(Brief) Find the line containing "Kuvio 7. Siemens väyläkytkin, laitekuva." in the listing below. Repeat it exactly, along with each following line up to and including the one containing "گنبد جلیله در".

(Data shown)
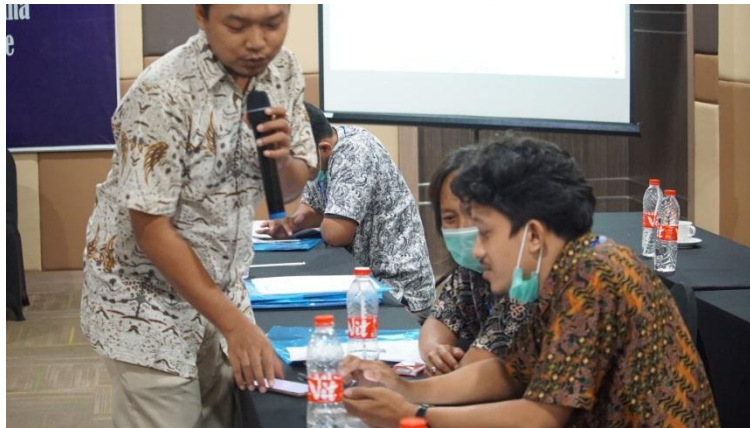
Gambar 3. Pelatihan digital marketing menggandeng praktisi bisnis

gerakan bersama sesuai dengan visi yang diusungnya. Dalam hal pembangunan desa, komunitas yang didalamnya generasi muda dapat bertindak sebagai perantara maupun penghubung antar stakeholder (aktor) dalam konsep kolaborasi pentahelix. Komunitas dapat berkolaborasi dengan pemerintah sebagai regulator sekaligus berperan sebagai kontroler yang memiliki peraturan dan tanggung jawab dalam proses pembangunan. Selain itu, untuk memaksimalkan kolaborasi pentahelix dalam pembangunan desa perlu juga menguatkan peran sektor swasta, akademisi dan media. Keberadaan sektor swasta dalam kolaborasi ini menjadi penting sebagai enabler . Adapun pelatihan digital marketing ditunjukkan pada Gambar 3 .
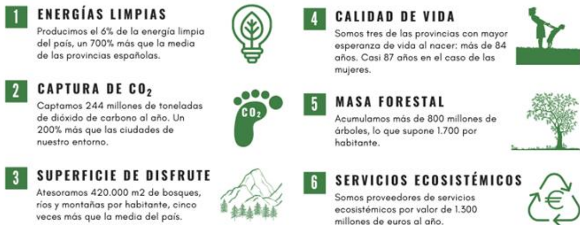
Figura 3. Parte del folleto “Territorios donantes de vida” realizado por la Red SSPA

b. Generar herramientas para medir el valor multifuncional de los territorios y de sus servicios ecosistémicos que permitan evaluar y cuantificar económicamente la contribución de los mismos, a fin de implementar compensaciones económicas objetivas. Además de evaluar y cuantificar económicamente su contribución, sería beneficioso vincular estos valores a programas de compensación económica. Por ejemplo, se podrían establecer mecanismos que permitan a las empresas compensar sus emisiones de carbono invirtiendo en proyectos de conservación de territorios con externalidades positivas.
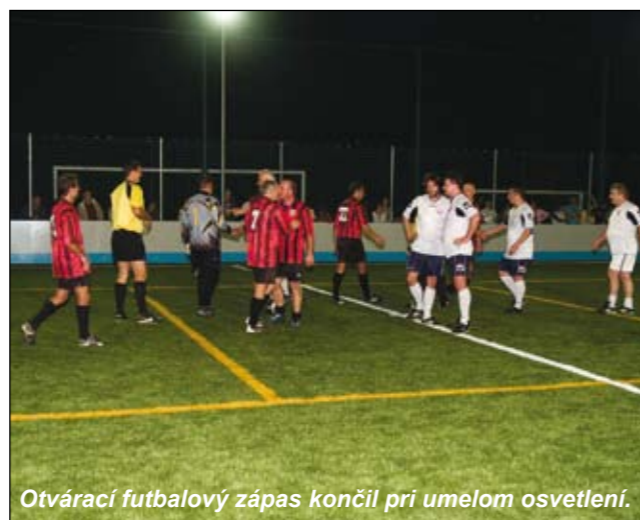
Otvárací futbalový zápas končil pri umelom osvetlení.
* * *
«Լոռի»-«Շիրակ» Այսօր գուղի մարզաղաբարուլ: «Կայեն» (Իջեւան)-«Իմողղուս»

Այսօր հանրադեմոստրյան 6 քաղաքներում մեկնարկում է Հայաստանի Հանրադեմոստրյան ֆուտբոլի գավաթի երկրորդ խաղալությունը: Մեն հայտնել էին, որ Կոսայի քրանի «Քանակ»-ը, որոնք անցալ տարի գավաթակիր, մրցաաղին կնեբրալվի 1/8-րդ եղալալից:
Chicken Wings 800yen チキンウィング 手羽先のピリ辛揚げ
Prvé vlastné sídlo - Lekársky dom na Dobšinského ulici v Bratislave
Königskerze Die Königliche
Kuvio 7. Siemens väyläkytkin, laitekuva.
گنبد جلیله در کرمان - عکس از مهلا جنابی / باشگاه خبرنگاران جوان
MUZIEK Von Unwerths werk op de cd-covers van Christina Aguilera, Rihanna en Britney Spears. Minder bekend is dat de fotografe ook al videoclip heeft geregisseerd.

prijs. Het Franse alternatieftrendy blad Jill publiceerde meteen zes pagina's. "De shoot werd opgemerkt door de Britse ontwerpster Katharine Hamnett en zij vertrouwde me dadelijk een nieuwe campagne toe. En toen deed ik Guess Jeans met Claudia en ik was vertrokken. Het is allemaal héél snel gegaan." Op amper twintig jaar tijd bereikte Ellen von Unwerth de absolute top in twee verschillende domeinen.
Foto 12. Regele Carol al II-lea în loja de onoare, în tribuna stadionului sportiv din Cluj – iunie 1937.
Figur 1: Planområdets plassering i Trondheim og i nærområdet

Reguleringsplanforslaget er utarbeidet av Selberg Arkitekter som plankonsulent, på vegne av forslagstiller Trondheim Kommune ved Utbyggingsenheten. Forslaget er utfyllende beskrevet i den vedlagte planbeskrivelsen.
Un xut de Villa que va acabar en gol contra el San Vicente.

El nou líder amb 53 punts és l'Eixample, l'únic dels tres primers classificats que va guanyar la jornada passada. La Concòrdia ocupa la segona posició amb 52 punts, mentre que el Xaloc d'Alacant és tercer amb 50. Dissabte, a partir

(Result below)
Kuvio 7. Siemens väyläkytkin, laitekuva.
گنبد جلیله در کرمان - عکس از مهلا جنابی / باشگاه خبرنگاران جوان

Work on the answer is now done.